1. Procedure for the production of mechanical pulp from a fibrous product, characterized in that the fibrous product is subjected to an enzyme treatment in which an enzyme acts on the lignin in the fibrous product.

2. Procedure according to claim 1, character­ized in that an oxidizing enzyme acts on the lignin in the fibrous product.

3. Procedure according to claim 1 or 2, charac­terized in that, when oxidizing enzymes are used, the redox potential is adjusted by means of suitable oxidation-reduction chemicals.

4. Procedure according to any of the preceding claims, characterized in that the oxidizing enzyme used is preferably phenoloxidase, lignin peroxidase, man­ganese peroxidase or a mixture of these, and the oxidation-­reduction chemicals are preferably gaseous nitrogen or oxygen, antioxidants, sugars or sugar derivatives, organic acids or inorganic salts, used either by themselves or in mixtures.

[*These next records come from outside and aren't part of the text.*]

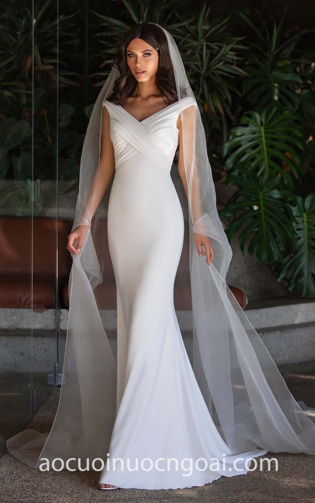 ÁO CƯỚI ĐUÔI CÁ MINIMALIST XẾP NẾP TINH TẾ NN7526
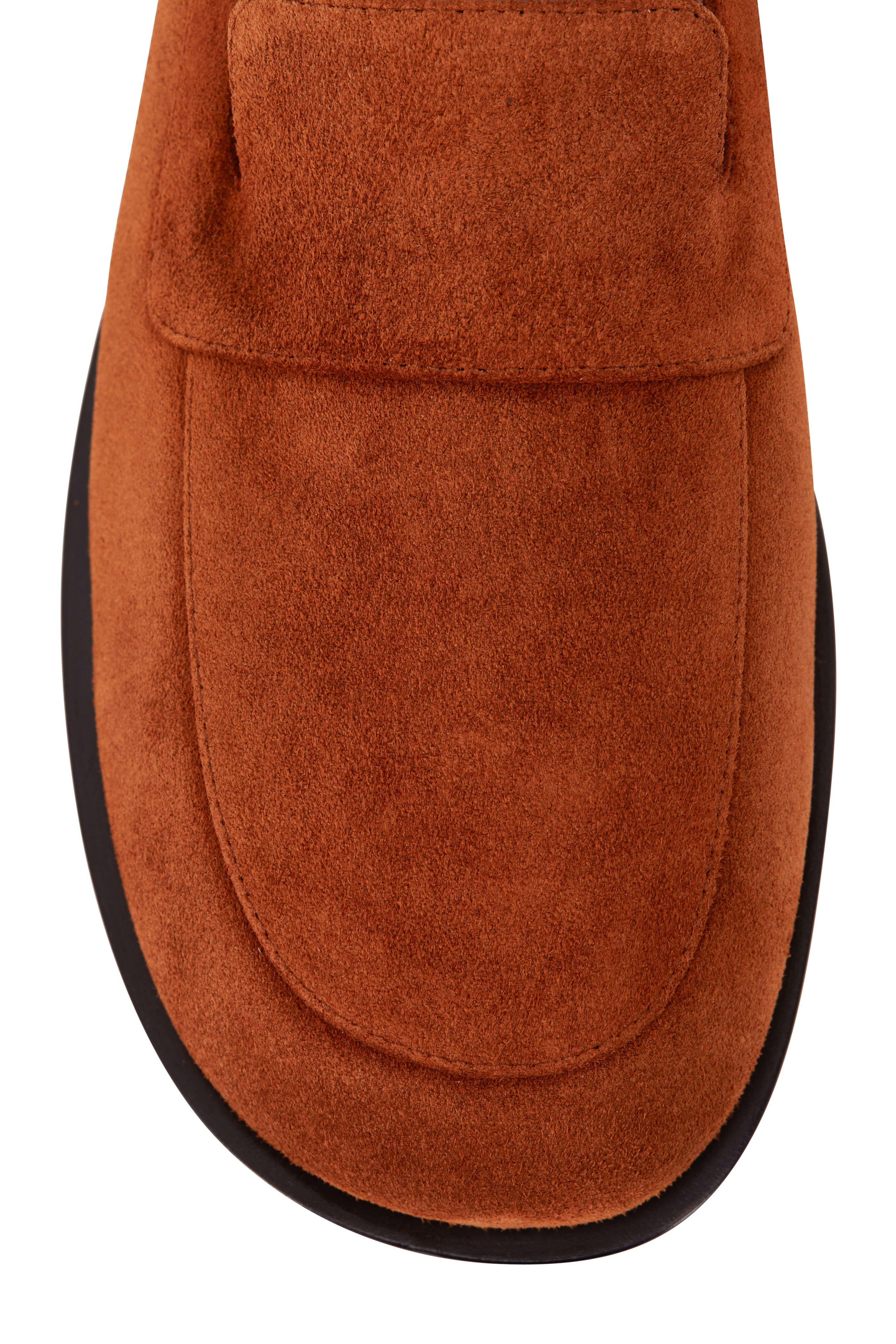 Suede upper. Square, apron toe. Slip on style. Notched vamp. Stacked heel. Rubber sole. Made in Italy.
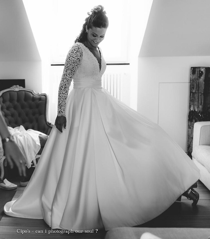 Ci spiega Nicoletta Santullo: “In realtà, poiché la Liguria gode di un clima mite e piacevole tutto l’anno, da noi l’autunno non è necessariamente sentito più di altre stagioni dell’anno come periodo di matrimoni. E anche in termini di abiti da sposa le variazioni sono minime: rispetto alla primavera/estate si tende in autunno a privilegiare colori lievemente più caldi, come una punta di avorio leggermente più scura o una tinta pastello. Gli abiti si fanno più coprenti, con pizzi a coprire le spalle e le maniche, i tessuti sono appena più spessi, si tende infatti a usare il ricercato e raffinato mikado, o il duchesse, cioè un raso più pesante. Se poi l’autunno si rivela più rigido del previsto, si può adornare il tutto con una stola, un giacchino, il coprispalle”.

5. Procedure according to any of the preceding claims, characterized in that the temperature range of the enzyme treatment is 10-90°C, preferably 40-75°C, and the pH range 2.0-10.0, preferably 4.0-8.0.

6. Use of enzymes acting on lignin to reduce the energy consumption in the production of mechanical pulp.

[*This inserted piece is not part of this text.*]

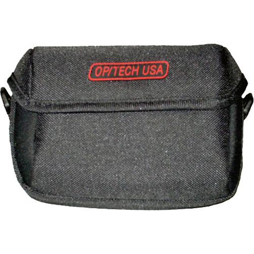 Product description The OP/TECH USA Hipster Pouch Large (Black) is a horizontal case designed to carry and protect a compact digital camera and accessories. It is a nylon case with a neoprene inner panel that expands when needed. A front pocket offers additional storage for media cards, batteries and more, It is carried by a removable webbed neck/shoulder strap or a double-locking touch fastener belt clip. - Construction
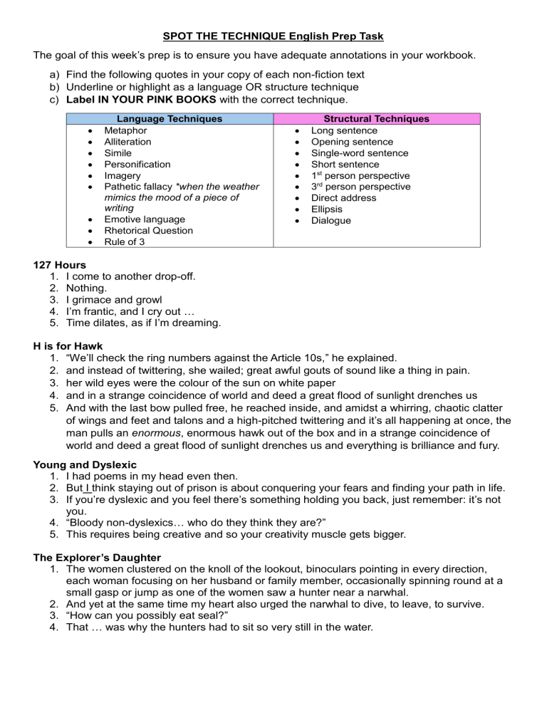 SPOT THE TECHNIQUE English Prep Task The goal of this week’s prep is to ensure you have adequate annotations in your workbook. a) Find the following quotes in your copy of each non-fiction text b) Underline or highlight as a language OR structure technique c) Label IN YOUR PINK BOOKS with the correct technique. Language Techniques Metaphor Alliteration Simile Personification Imagery Pathetic fallacy *when the weather mimics the mood of a piece of writing Emotive language Rhetorical Question Rule of 3 Structural Techniques Long sentence Opening sentence Single-word sentence Short sentence 1st person perspective 3rd person perspective Direct address Ellipsis Dialogue 127 Hours 1. I come to another drop-off. 2. Nothing. 3. I grimace and growl 4. I’m frantic, and I cry out … 5. Time dilates, as if I’m dreaming. H is for Hawk 1. “We’ll check the ring numbers against the Article 10s,” he explained. 2. and instead of twittering, she wailed; great awful gouts of sound like a thing in pain. 3. her wild eyes were the colour of the sun on white paper 4. and in a strange coincidence of world and deed a great flood of sunlight drenches us 5. And with the last bow pulled free, he reached inside, and amidst a whirring, chaotic clatter of wings and feet and talons and a high-pitched twittering and it’s all happening at once, the man pulls an enormous, enormous hawk out of the box and in a strange coincidence of world and deed a great flood of sunlight drenches us and everything is brilliance and fury. Young and Dyslexic 1. I had poems in my head even then. 2. But I think staying out of prison is about conquering your fears and finding your path in life. 3. If you’re dyslexic and you feel there’s something holding you back, just remember: it’s not you. 4. “Bloody non-dyslexics… who do they think they are?” 5. This requires being creative and so your creativity muscle gets bigger. The Explorer’s Daughter 1. The women clustered on the knoll of the lookout, binoculars pointing in every direction, each woman focusing on her husband or family member, occasionally spinning round at a small gasp or jump as one of the women saw a hunter near a narwhal. 2. And yet at the same time my heart also urged the narwhal to dive, to leave, to survive. 3. “How can you possibly eat seal?” 4. That … was why the hunters had to sit so very still in the water.

7. Use of an enzyme according to claim 6 to reduce the energy consumption in the production of mechanical pulp when oxidizing enzymes are used.

8. Use of an enzyme according to claim 5 to reduce the energy consumption in the production of mechanical pulp when an oxidation-reduction chemical is used.

9. Use of oxidation-reduction chemicals according to claim 6 to reduce the energy consumption in the production of mechanical pulp when the oxidation-reduction chemicals are gaseous nitrogen or oxygen, antioxidants, sugars or sugar derivatives, organic acids or inorganic salts, used either by themselves or in mixtures.

10. Use of phenoloxidase, lignin peroxidase, manganese peroxidase or a mixture of these according to claim 6-9, to reduce the energy consumption in the production of mechanical pulp.